Coverage and Performance

CBRS at 3.5 GHz, GAA, with an SAS-imposed power limit (typically 30 dBm/10 MHz EIRP for Category A indoor, up to 47 dBm for Category B outdoor) gets you about 100–200 m indoor cell radius depending on building, 500 m–1 km outdoor LOS. Similar to other mid-band 5G.

Licensed bands at similar frequencies behave the same physically. The differences are operational: CBRS GAA may force you to a narrower channel under contention; PAL or licensed spectrum gives you the full bandwidth predictably.

Real Deployments

Manufacturing: John Deere (multiple sites, US, CBRS), BMW (Spartanburg, CBRS), Mercedes Sindelfingen (Germany, 3.7 GHz licensed). The pattern: licensed where available, CBRS where it is the only option. Ports: Long Beach, Rotterdam, Hamburg. AGV control, crane automation, video analytics. All on local-licensed or private-leased spectrum. Hospitals: Several US hospital systems run CBRS for clinical mobility and tablet workflows. CBRS works because indoor coverage is bounded. Stadiums and venues: CBRS GAA for in-venue services, sometimes layered with neutral-host MNO traffic.

Decision Framework

Ask in this order:

  1. Are you in the US? If no, look at your country's enterprise spectrum scheme first. It is almost always cheaper and simpler than equivalent CBRS.
  2. Is your deployment indoor and bounded? If yes, CBRS GAA is usually fine.
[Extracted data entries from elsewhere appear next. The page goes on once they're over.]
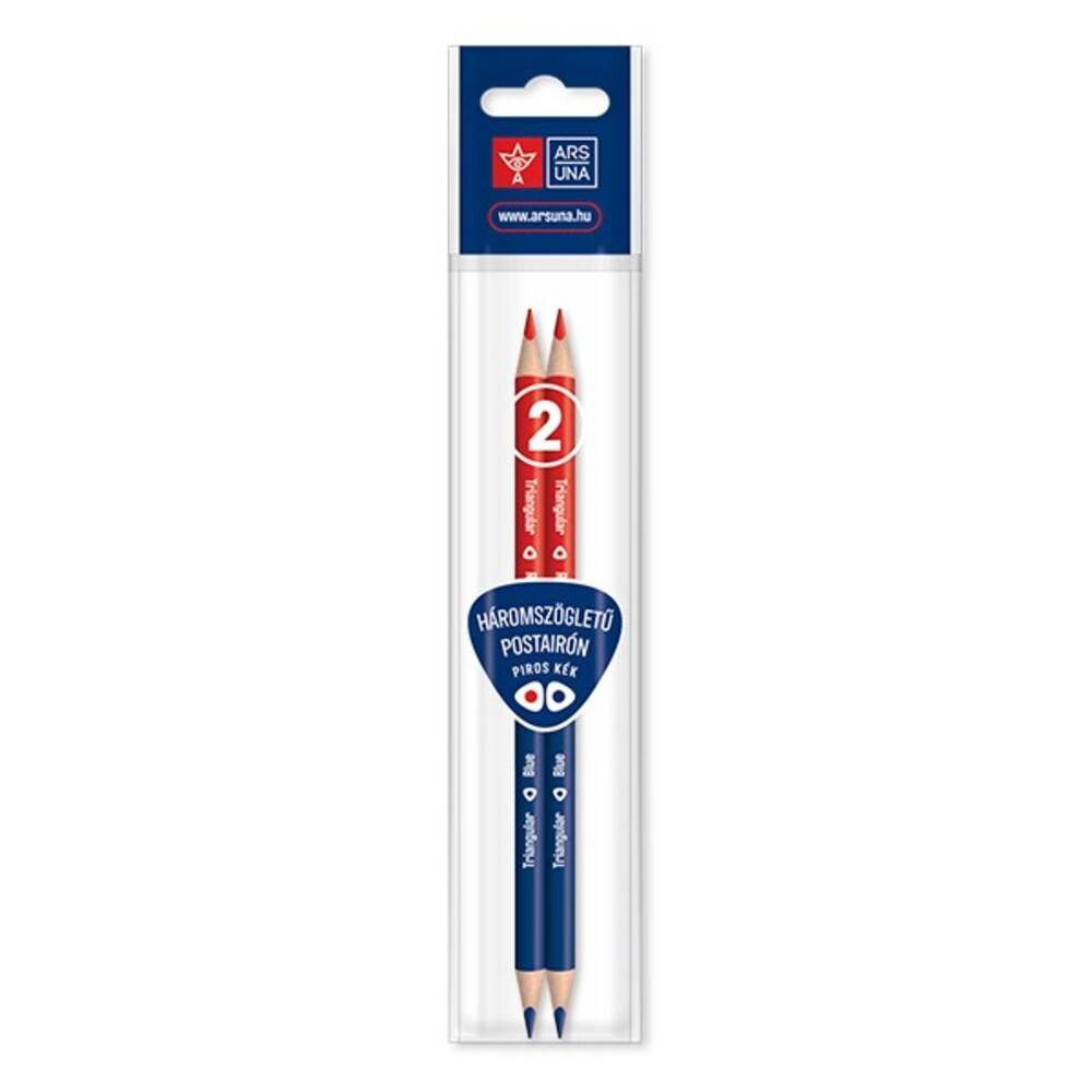 Háromszögletű,ergonomikus kialakítású postairón, törésálló béllel, piros-kék színben. Könnyen hegyezhető. Csomagolása: 2 db/PP tasak, EURO lyukkal ellátva.
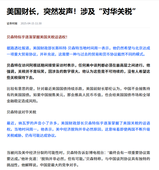 美国财长,突然发声!涉及“对华关税”.证券时报.2025-04-15
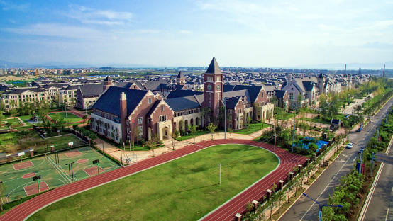 教学楼采用动静结合的理念进行设计,通过精心巧妙的平面布局有效规避了相邻楼段学生上课的相互干扰。学校里建有欧式建筑风格的塔钟,每个钟楼设置4个大本钟,大本钟拥有GPS功能,只要通电就能与卫星时间自动调节到准确时间点。
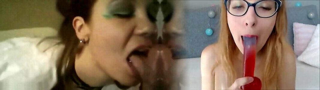 Girls sucks and gags herself leaving a highly large mess
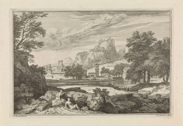 Giovanni Volpato made this print of a river landscape using etching and burin techniques. We see a bustling scene of commerce and leisure, typical of 18th-century Italian landscapes. Volpato was part of a generation of artists working in the shadow of the Grand Tour, a cultural phenomenon where wealthy Europeans, especially Brits, toured Italy to soak up its classical heritage. His work catered to this market, creating picturesque scenes of Italy that tourists could take home as souvenirs. The image creates meaning through visual codes of class and labor: figures of men point towards ships, directing commercial enterprise in the distance. Others fish on the shore, while upper-class figures rest under a tree. These details would have resonated with the social hierarchies of Volpato's time. To understand this artwork better, we can research the history of the Grand Tour and the market for Italian landscape prints in the 18th century. Studying the artist's biography and other prints will also reveal his role within the artistic institutions of his day. Ultimately, the meaning of this artwork is intertwined with the social and economic conditions in which it was produced and consumed.
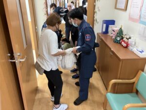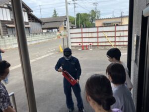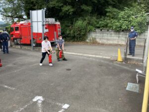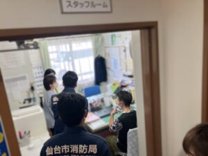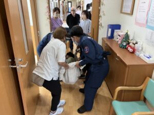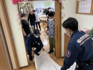 実際に消防士の方にオペレーター役をしていただき通報訓練を行いました。
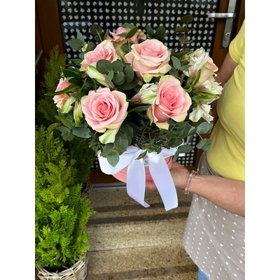 Romantická květinová krabice s 9 prémiovými růžovými růžemi, bílými alstromeriemi, eucalyptem a doplňkovou zelení. Pokud hledáte dárek k narozeninám nebo pro kolegyni, je toto...
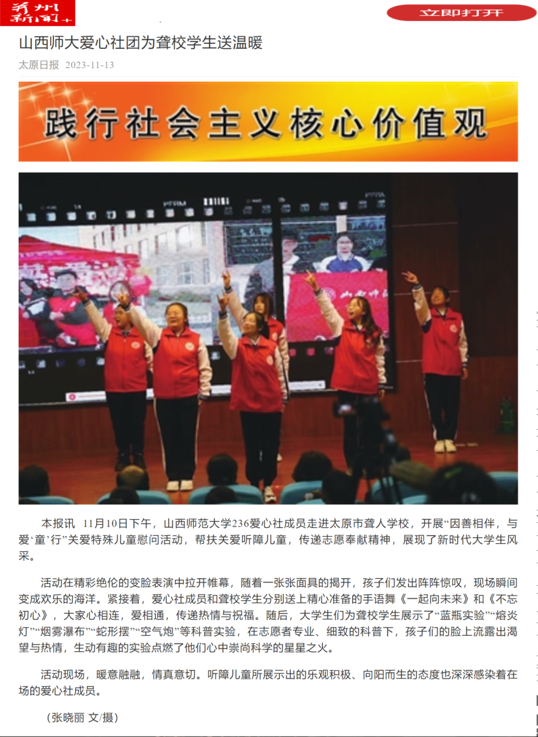 11月13日,《太原日报》以《山西师大爱心社团为聋校员工送温暖》为题,报道公司236爱心社“因善相伴,与爱‘童’行”关爱特殊儿童慰问活动。
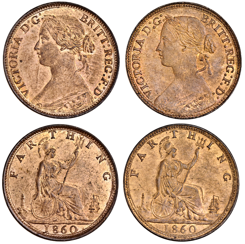 Victoria, ´bun´ head Farthings, 1860 (3), beaded border, toothed border (2) (Peck 1854, 1858, 1859; S.3958), extremely fine - uncirculated (3)

Coordination overhead is minimal.
  3. Is the workload mission-critical with strict SLA? If yes, you want exclusive spectrum: PAL in the US, licensed elsewhere.
  4. Is there interference risk? Dense urban industrial parks may have GAA contention. Survey before deploying.
  5. Do you have RF expertise in-house? CBRS hides complexity behind the SAS. Licensed deployments typically need more careful planning but operate without external coordination.

What to Watch

The FCC has been considering 3.45 GHz and other adjacent bands. AT&T and Verizon are pushing for more exclusive licensing. CBRS as it exists today could shift as policy evolves. Don't deploy on the assumption that the regulatory environment is static — it isn't.

For most US enterprise private 5G deployments today, CBRS GAA is the right starting point. It is the cheapest path to a working private network, and the gear ecosystem is mature. Move to PAL or licensed spectrum only when contention or SLA requirements force the decision.